The Origin of Languages, and the Antiquity of Speaking Man is a scholarly work by Horatio Hale, the American Canadian anthropologist and linguist who lived from 1817 to 1896 and who was one of the leading nineteenth century American specialists in indigenous American languages and in the broader comparative study of human languages. Hale produced substantial work across his long career and was substantially involved in the development of comparative linguistics and anthropology as serious academic disciplines in nineteenth century North America.
Hale’s earlier career included substantial participation in the United States Exploring Expedition under Charles Wilkes from 1838 to 1842, the substantial American naval and scientific expedition that conducted substantial exploration and scientific work across the Pacific Ocean.
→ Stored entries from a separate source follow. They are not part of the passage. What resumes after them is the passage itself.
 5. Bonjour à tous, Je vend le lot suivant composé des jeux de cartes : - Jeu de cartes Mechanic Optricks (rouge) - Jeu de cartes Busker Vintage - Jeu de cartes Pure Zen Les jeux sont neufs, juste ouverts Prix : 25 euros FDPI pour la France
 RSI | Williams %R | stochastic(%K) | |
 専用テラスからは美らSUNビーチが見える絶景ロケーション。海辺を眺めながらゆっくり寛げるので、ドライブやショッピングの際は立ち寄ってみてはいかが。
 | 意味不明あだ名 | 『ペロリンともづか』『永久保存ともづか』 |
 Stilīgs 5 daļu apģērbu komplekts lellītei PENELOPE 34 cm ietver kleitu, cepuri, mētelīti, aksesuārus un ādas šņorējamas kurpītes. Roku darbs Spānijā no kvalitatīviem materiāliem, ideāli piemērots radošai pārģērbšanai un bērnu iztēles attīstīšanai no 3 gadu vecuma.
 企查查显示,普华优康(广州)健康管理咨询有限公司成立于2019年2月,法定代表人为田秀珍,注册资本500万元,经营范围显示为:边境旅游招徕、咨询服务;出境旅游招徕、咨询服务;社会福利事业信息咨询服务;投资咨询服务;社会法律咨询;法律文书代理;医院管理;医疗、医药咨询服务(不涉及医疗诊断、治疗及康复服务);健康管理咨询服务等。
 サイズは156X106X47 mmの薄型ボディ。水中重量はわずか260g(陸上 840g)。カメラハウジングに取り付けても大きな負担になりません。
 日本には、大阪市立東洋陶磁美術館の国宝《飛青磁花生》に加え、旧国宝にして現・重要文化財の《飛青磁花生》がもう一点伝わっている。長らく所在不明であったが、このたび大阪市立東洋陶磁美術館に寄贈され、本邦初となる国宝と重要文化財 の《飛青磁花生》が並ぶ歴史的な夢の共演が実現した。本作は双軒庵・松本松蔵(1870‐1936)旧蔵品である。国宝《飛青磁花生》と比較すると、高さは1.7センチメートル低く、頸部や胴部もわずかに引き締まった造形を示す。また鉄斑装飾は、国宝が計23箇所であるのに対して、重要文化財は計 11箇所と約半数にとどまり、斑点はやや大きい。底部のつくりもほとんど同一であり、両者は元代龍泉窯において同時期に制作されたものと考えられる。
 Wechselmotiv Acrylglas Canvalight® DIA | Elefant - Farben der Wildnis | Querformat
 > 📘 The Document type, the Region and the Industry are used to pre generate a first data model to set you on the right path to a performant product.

Hale served as the expedition’s ethnologist and philologist and produced the substantial volume on ethnography and philology that was part of the expedition’s published reports. His later work continued and substantially extended this comparative linguistic interest, with substantial focus on the indigenous languages of North America and particularly on the Iroquoian language family of his adopted Canadian region.
The Origin of Languages addresses the substantial nineteenth century debate about the origins of human language. The question was one of substantial scientific and philosophical controversy across the nineteenth century, with substantial competing theories including the various monogenetic theories that traced all human languages to a single original source, the various polygenetic theories that allowed for multiple independent origins of language in different human populations, and the various theories about the relationship between language origin and the broader biological evolution of humanity that became substantial after Darwin.
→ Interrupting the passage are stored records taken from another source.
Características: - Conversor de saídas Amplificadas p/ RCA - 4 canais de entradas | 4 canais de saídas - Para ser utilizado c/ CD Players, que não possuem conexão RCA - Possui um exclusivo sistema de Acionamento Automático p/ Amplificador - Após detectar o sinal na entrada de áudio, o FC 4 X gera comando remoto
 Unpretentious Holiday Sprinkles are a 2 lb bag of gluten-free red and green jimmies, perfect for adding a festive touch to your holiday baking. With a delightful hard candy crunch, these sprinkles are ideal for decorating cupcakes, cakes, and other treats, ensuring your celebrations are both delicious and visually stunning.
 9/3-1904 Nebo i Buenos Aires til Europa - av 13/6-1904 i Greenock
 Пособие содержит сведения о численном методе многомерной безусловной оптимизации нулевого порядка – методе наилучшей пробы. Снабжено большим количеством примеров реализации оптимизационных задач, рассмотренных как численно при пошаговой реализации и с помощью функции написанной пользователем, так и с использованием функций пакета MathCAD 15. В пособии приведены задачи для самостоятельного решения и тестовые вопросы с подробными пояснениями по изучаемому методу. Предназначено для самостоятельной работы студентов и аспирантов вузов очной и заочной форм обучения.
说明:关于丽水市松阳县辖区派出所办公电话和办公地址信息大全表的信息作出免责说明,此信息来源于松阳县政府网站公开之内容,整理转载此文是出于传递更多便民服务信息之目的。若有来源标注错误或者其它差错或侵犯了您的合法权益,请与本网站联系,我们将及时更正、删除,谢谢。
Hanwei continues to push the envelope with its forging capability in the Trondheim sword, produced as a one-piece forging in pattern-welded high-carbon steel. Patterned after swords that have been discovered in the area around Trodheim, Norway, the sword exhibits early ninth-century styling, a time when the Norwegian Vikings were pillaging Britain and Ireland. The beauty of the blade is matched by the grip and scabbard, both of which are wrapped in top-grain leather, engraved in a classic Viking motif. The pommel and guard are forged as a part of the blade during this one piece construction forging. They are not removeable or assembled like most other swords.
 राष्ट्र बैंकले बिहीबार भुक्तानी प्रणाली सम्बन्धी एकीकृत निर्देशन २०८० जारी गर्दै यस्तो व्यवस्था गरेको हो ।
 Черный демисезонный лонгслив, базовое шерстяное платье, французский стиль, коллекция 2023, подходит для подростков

Hale’s particular position drew on his substantial comparative linguistic work and on his particular interest in the indigenous American language families. He developed substantial arguments about the long antiquity of human language and about the various processes by which the substantial diversity of contemporary human languages had developed across the substantial periods of human prehistory.
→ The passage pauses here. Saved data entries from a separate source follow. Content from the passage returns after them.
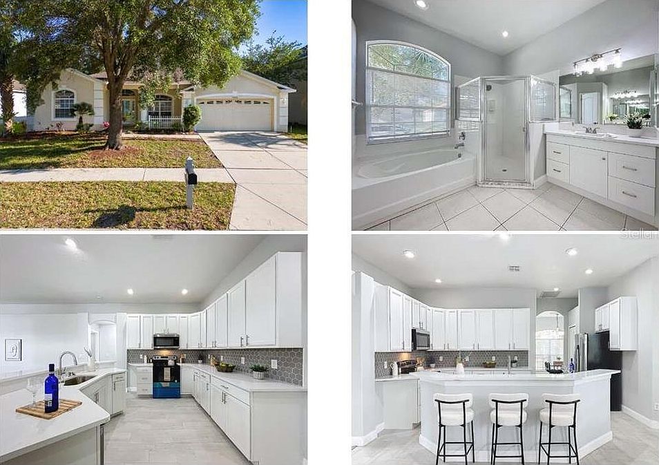 This exceptional home features a brand-new water heater installed this month, with a new roof set to be installed within days. Fresh sod will be laid in the coming weeks, and there’s an attractive $5,000 price reduction! Welcome to this breathtaking four-bedroom, three-bathroom residence that seamlessly combines elegance and practicality. The kitchen and bathrooms have been beautifully remodeled this year, while the entire interior has been freshly painted, creating a bright and modern atmosphere. One of the standout features of this home is the bonus office space connected to the master bedroom, providing a convenient and private workspace without sacrificing any additional bedrooms. The kitchen is truly a chef’s paradise, boasting luxurious quartz countertops that offer both beauty and durability, paired with brand-new appliances that make every cooking experience delightful. New flooring throughout the home adds warmth and style, enhancing the overall aesthetic. You’ll also love the expansive screened-in lanai, ideal for enjoying the outdoors in comfort and privacy. Plus, a two-car garage adds even more convenience, making this property a true gem for anyone seeking a perfect balance of beauty and functionality. Located in the Sterling Hill community, residents enjoy access to two clubhouses, each with its own dedicated community pool, including the adjacent Edgemere next to the north clubhouse. Additional amenities include basketball and tennis courts, a playground, RV storage, a dog park, a billiards room, and a state-of-the-art gym—all for a remarkably low yearly HOA fee of just $125!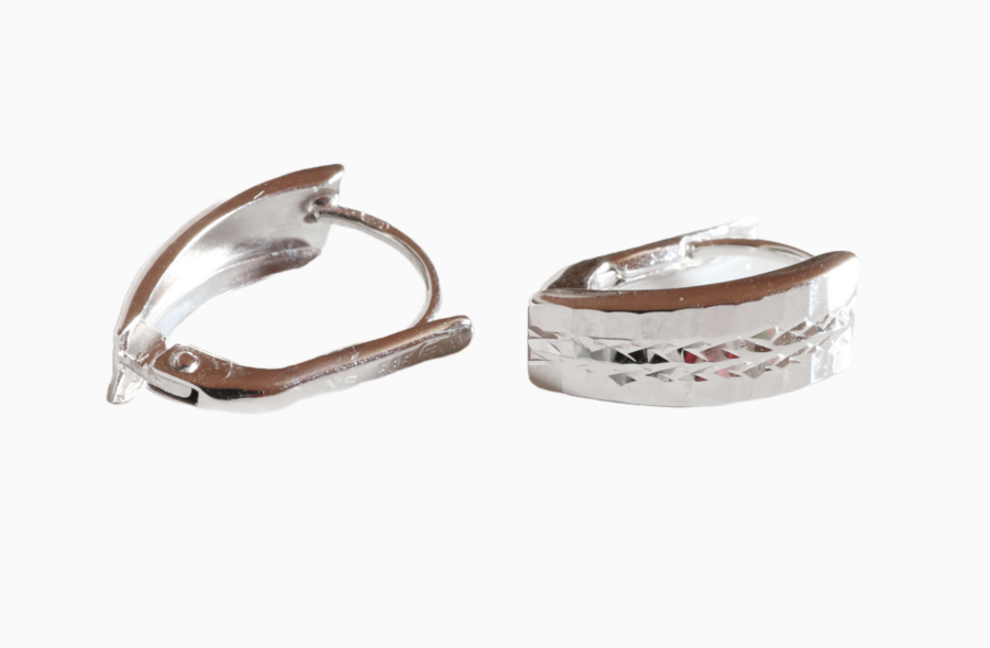 Štýlové náušnice z 14-karátového bieleho zlata (585/1000) s kombináciou hladkého povrchu a jemného gravírovaného vzoru. Tvarované do elegantného oblúčika poskytujú pohodlné nosenie, zatiaľ čo lesklý povrch dodáva šperku luxusný vzhľad.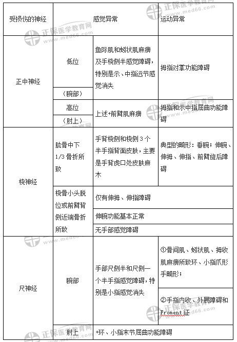 2020年臨床助理醫(yī)師考試運(yùn)動(dòng)系統(tǒng)“正中神經(jīng)、橈神經(jīng)及尺神經(jīng)損傷”考點(diǎn)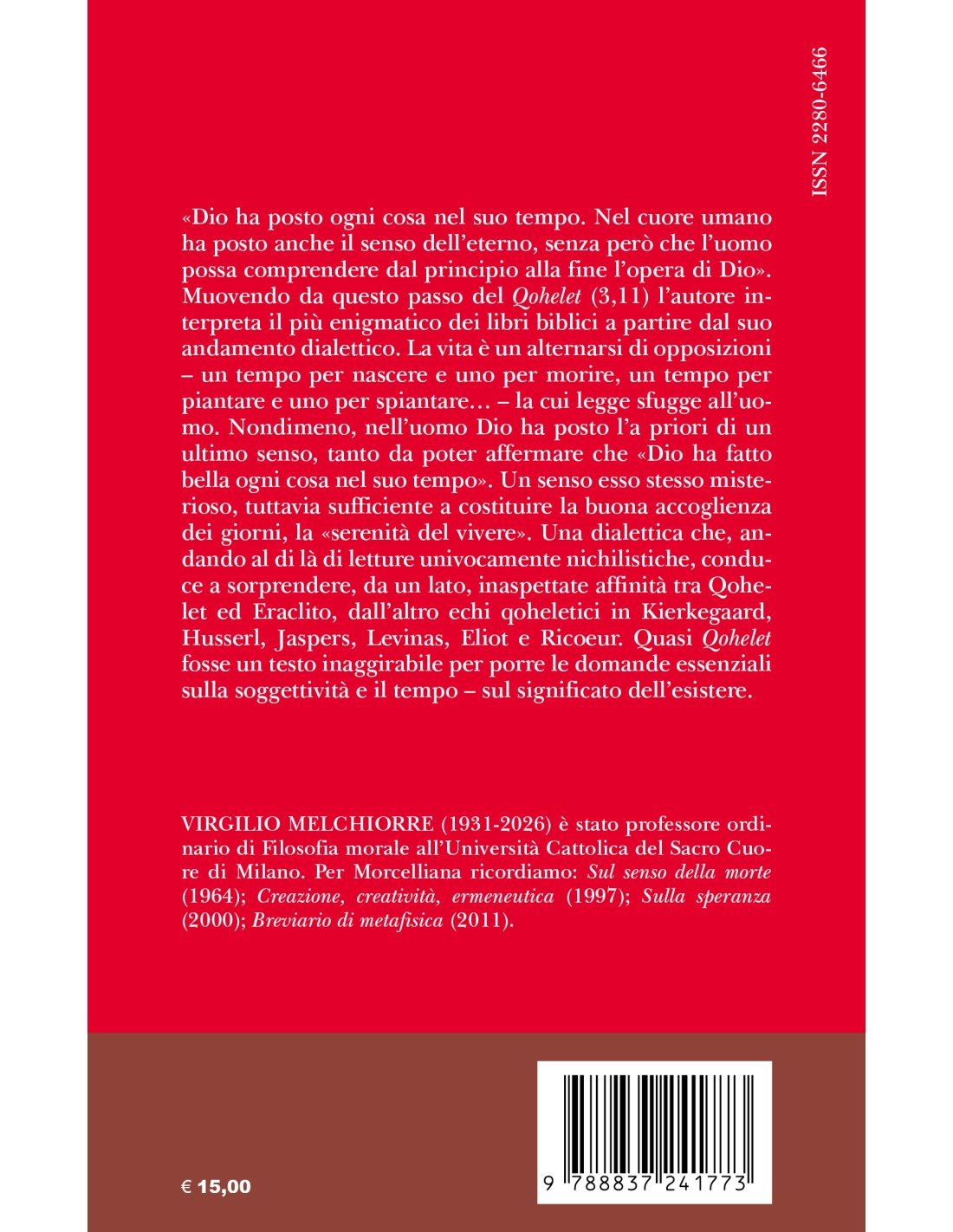 «Dio ha posto ogni cosa nel suo tempo. Nel cuore umano ha posto anche il senso dell’eterno, senza però che l’uomo possa comprendere dal principio alla fine l’opera di Dio». Muovendo da questo passo del Qohelet (3,11) l’autore interpreta il più enigmatico dei libri biblici a partire dal suo andamento dialettico. La vita è un alternarsi di opposizioni – un tempo per nascere e uno per morire, un tempo per piantare e uno per spiantare… – la cui legge sfugge all’uomo. Nondimeno, nell’uomo Dio ha posto l’a priori di un ultimo senso, tanto da poter affermare che «Dio ha fatto bella ogni cosa nel suo tempo». Un senso esso stesso misterioso, tuttavia sufficiente a costituire la buona accoglienza dei giorni, la «serenità del vivere». Una dialettica che, andando al di là di letture univocamente nichilistiche, conduce a sorprendere, da un lato, inaspettate affinità tra Qohelet ed Eraclito, dall’altro echi qoheletici in Kierkegaard, Husserl, Jaspers, Levinas, Eliot e Ricoeur. Quasi Qohelet fosse un testo inaggirabile per porre le domande essenziali sulla soggettività e il tempo – sul significato dell’esistere.

The book belongs to the substantial body of nineteenth century scientific writing that contributed to the developing modern understanding of human linguistic and biological history. The specific scientific positions Hale defended have been substantially revised by subsequent linguistics and anthropology, but the broader question of language origins remains substantially debated and Hale’s contribution belongs to the substantial historical foundation of the field.
The book is of interest now to historians of nineteenth century linguistics and anthropology. It pairs naturally with the broader nineteenth century literature on the comparative study of human languages and on the origins of human speech.